[[ PROVIDED RECORDS open ]]

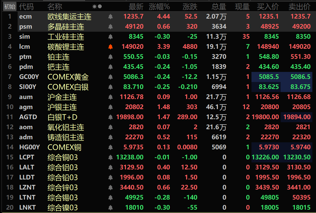 此外,铸造铝主连期货涨0.52%,氧化铝主连涨0.07%。碳酸锂主连涨3.39%。工业硅主连跌0.3%。多晶硅主连涨0.66%。
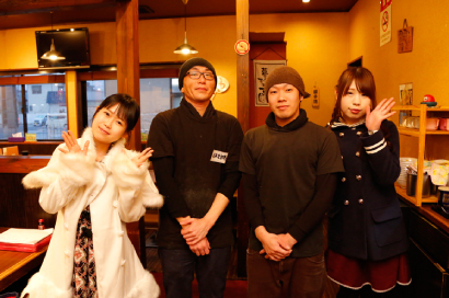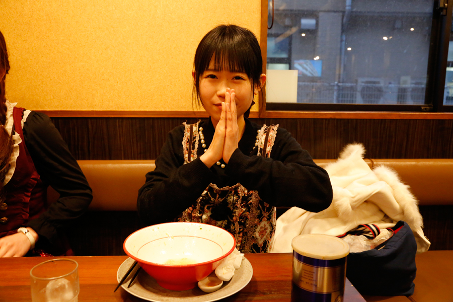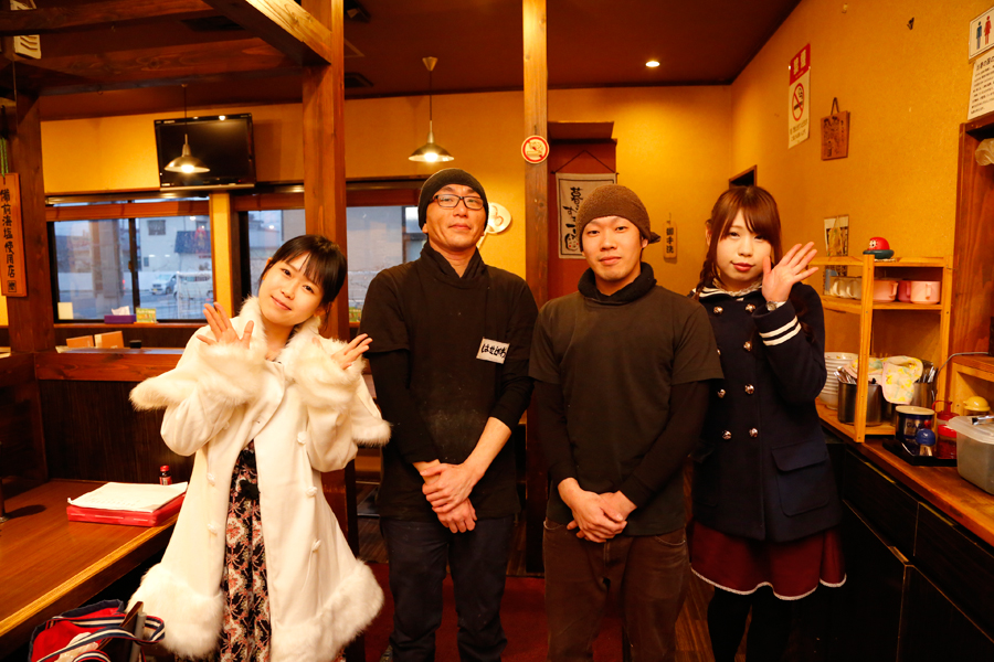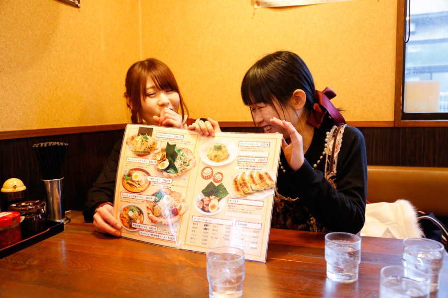 ちなみに、らーめんを待つ間「だるまやさんって、前にネオちゃんと来たことあるよね。」と話す綾ちゃん。実はネオちゃんが三代目麺ガールとして活動していた時、二人で一日に6軒のラーメン店をまわった事があったんです。今回この時点で、既にその記録は更新したわけですが、それにしても一日に6杯とは、脱帽のひとことに尽きますね…。詳しくは2015年のネオちゃんのブログページをご覧ください。
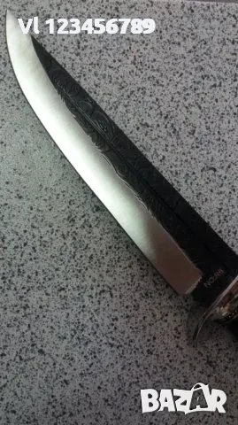 . Допълнително щампованите фигури в горната част на острието придават стил и завършеност на дизайна на този модел. Добавените гард и помел осигуряват захвата и предпазват ръката. Дръжката е с анатомична форма, изработена от материал, наподобяващ тъмно дърво. Ножът е окомплектован с подходяща пластмасова кания – много надеждно и здраво изработена. Канията е с пригодена за поставяне на колан. С помощта на велкро лепенка се фиксира ножа.
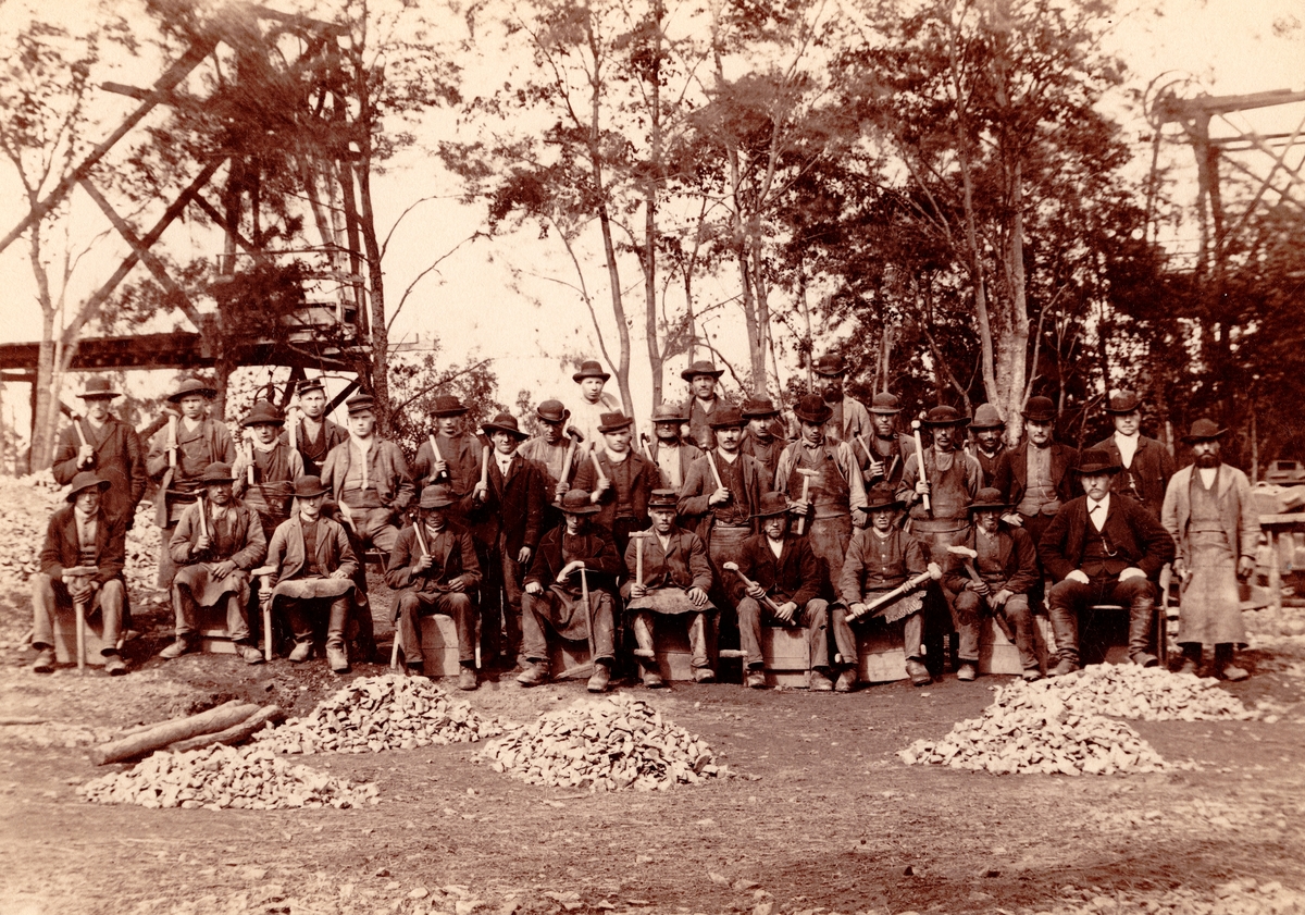 Arbetare vid Kärrgruvan, Norrbärke sn, Dalarna vid slutet av1800-talet.
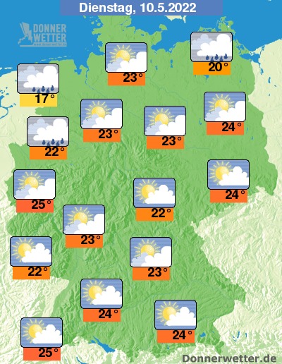 Heute ist es vor allem im Süden meist heiter bis sonnig. Im übrigen Land ist es aufgelockert bewölkt, von Nordwesten ziehen jedoch zunehmend dichte Wolken heran, dazu bilden sich im Norden örtliche Schauer, während es sonst trocken bleibt. Die Temperatur steigt auf 17 Grad in Bremerhaven und bis 25 Grad in Freiburg.
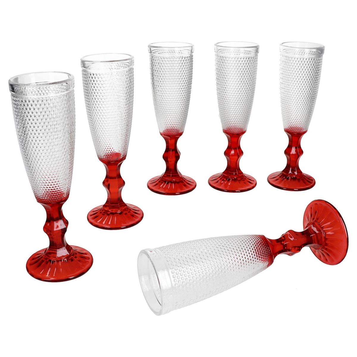 6x Rubin Sektgläser 150ml rot Glas gepunktet Sekt-Flöte Prosecco Champagner
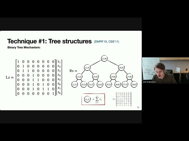 Learn about a novel approach to differential privacy in streaming settings through this 52-minute Google TechTalk. Explore the challenge of continual observation in differential privacy, where functions of datasets must be continuously released as data arrives one element at a time while maintaining privacy guarantees. Discover how traditional factorization mechanisms, while effective for continual counting problems, face significant space limitations in streaming environments due to their requirement for space proportional to input size. Examine a innovative binning solution that approximates factorization mechanisms in sublinear space by strategically grouping adjacent matrix entries with similar values to maintain matrix-vector products efficiently. Understand the theoretical foundations including provable sublinear space guarantees for lower triangular matrices with monotonically decreasing entries away from the diagonal. Analyze empirical results demonstrating how this low-space approach can match or exceed the performance of asymptotically optimal factorization mechanisms. Compare this binning methodology with alternative approaches such as rational function approximation techniques, and understand its applications in differentially private stochastic gradient descent implementations where continual counting plays a crucial role in maintaining privacy while processing streaming data.
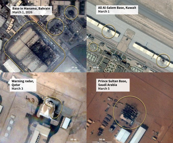 🇺🇸🇮🇷⚡️– Iran's precise attacks caused the US to limit the release of satellite images showing Iran's strikes on American targets. Images released in the early days of the war showed Iran's precise attacks on American radars, military bases, and oil refineries — The Economist reports.
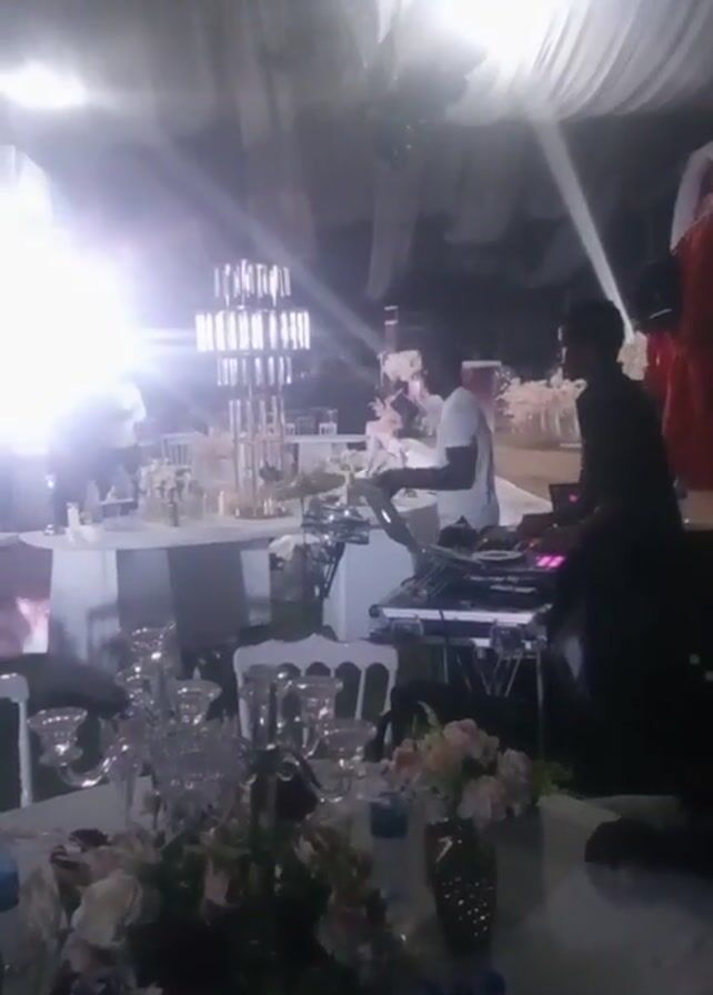 The video captures a festive atmosphere, possibly at a wedding reception, where a DJ is performing live music
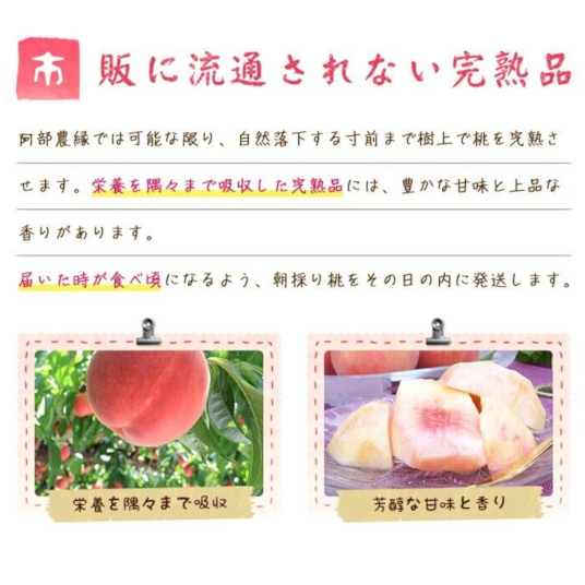 桃のカットが不揃いなため、完熟により、形が少し崩れているものがあるため ※中身はギフト用と同じ、その日に収穫した「朝採れ完熟桃」を使用しています。

[[ PROVIDED RECORDS closed ]]

■ TASK DESCRIPTION: Reproduce, exactly and only, the lines of the records above starting at the line with "Arbetare vid Kärrgruvan, Norrbärke" and ending at the line with "Heute ist es", both included. Leave every picture out.

■ EXERCISE SOLUTION:
 Arbetare vid Kärrgruvan, Norrbärke sn, Dalarna vid slutet av1800-talet.
 Heute ist es vor allem im Süden meist heiter bis sonnig. Im übrigen Land ist es aufgelockert bewölkt, von Nordwesten ziehen jedoch zunehmend dichte Wolken heran, dazu bilden sich im Norden örtliche Schauer, während es sonst trocken bleibt. Die Temperatur steigt auf 17 Grad in Bremerhaven und bis 25 Grad in Freiburg.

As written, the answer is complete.